Certa vez, um trabalho ligado à música me levou a uma área ocupada pelo tráfico. Ao entrar numa viela armas se apontaram para este que vos escreve. O motivo de ter despertado o ódio deles: estava com uma camisa do Batman, e era a época em que a milícia atuava como “liga da Justiça”, ou seja, foi como entrar de camisa do Flamengo num ônibus cheio de vascaínos no início da ponte Rio-Niterói (também já vivi essa situação, mas isso é outro papo).
Bom, como redigi este texto significa que sai vivo da situação, mas sem blusa. Esta foi rasgada no ato.

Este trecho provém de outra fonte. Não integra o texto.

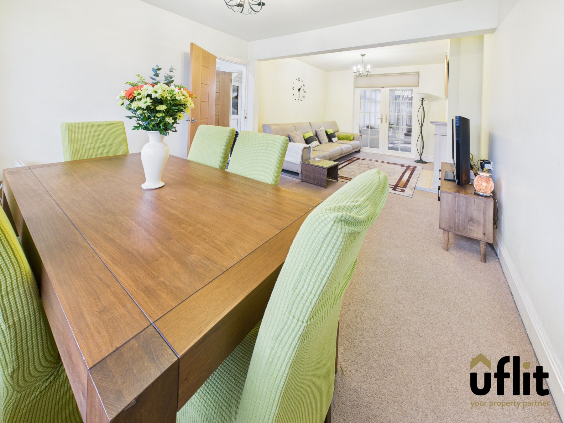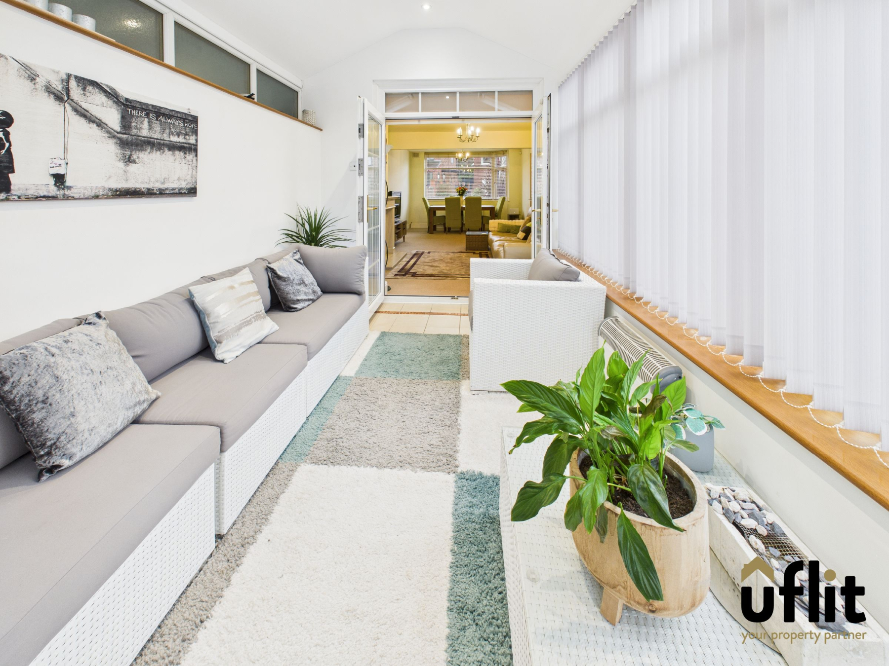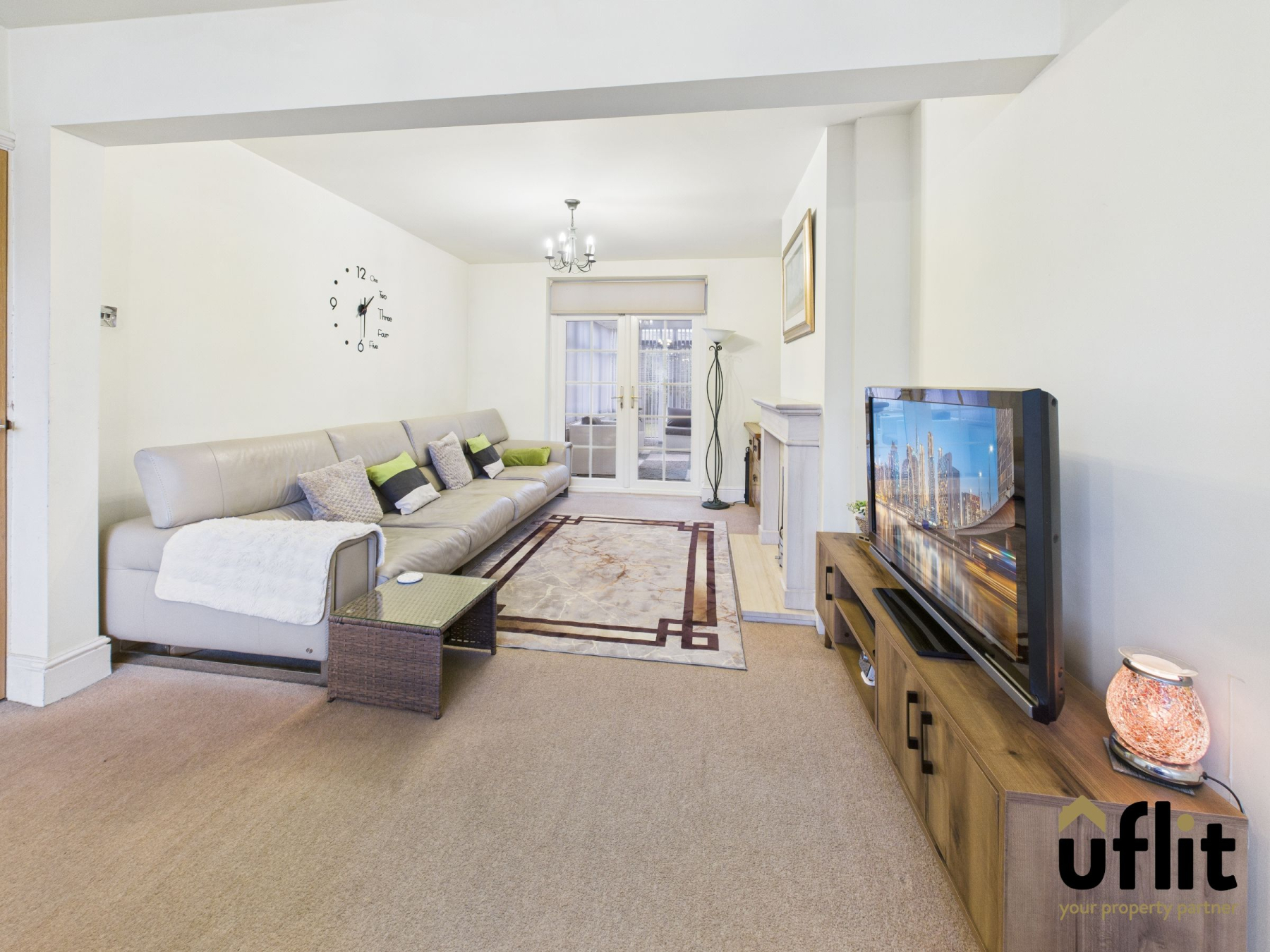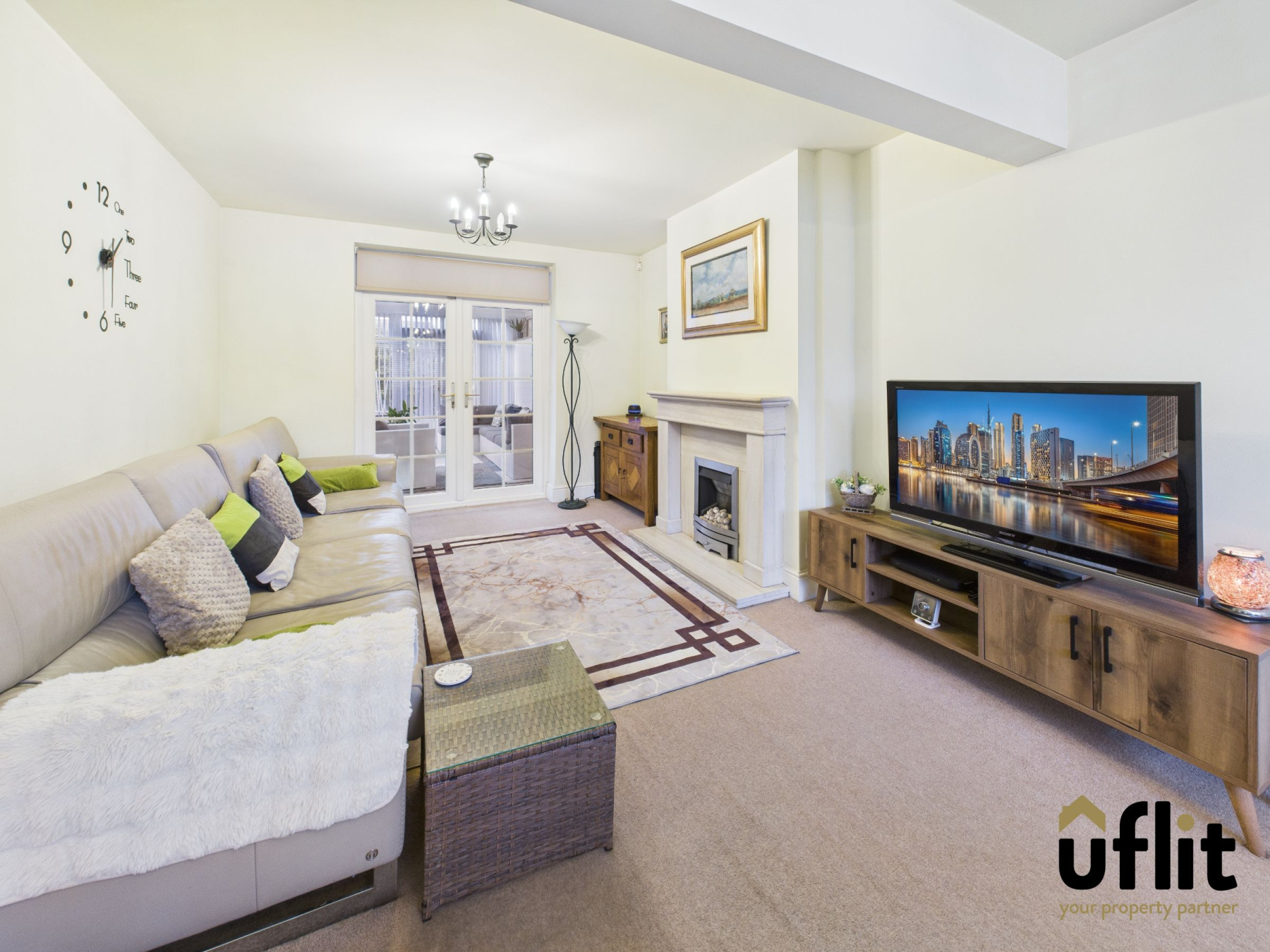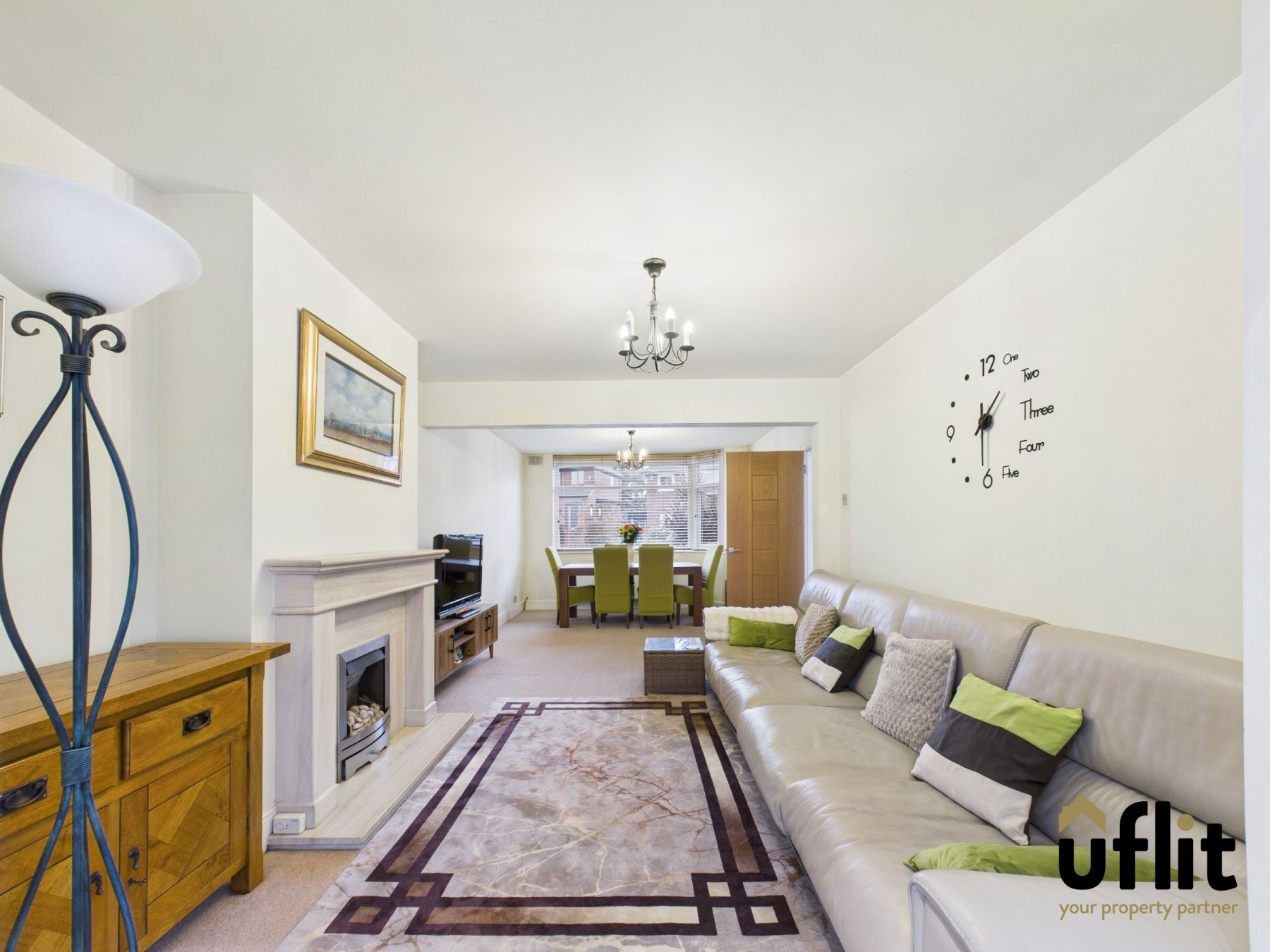 Upon entering the property, a welcoming entrance hall provides access to both the main living area and the kitchen, with natural light enhanced by a side-facing window. The spacious open-plan lounge/ dining room is a key feature of the home, enjoying excellent proportions and natural light from a bay window to the front. A feature gas fire with stone surround provides a focal point, while French doors to the rear open into the sunroom, creating an ideal flow for entertaining and everyday living.

Ainda falando do meu umbigo, minha paixão por histórias de homens de roupa justa e ações heróicas se deu através de um gibi do Homem-Aranha que li quando ainda um único digito definia meu tempo de existência na Terra. Foi amor à primeira leitura. Mas o personagem que ao longo da vida foi me fascinando cada vez mais acabou sendo o Batman e justamente pelas diversas interpretações que sua legenda já teve, inclusive a que abre o texto.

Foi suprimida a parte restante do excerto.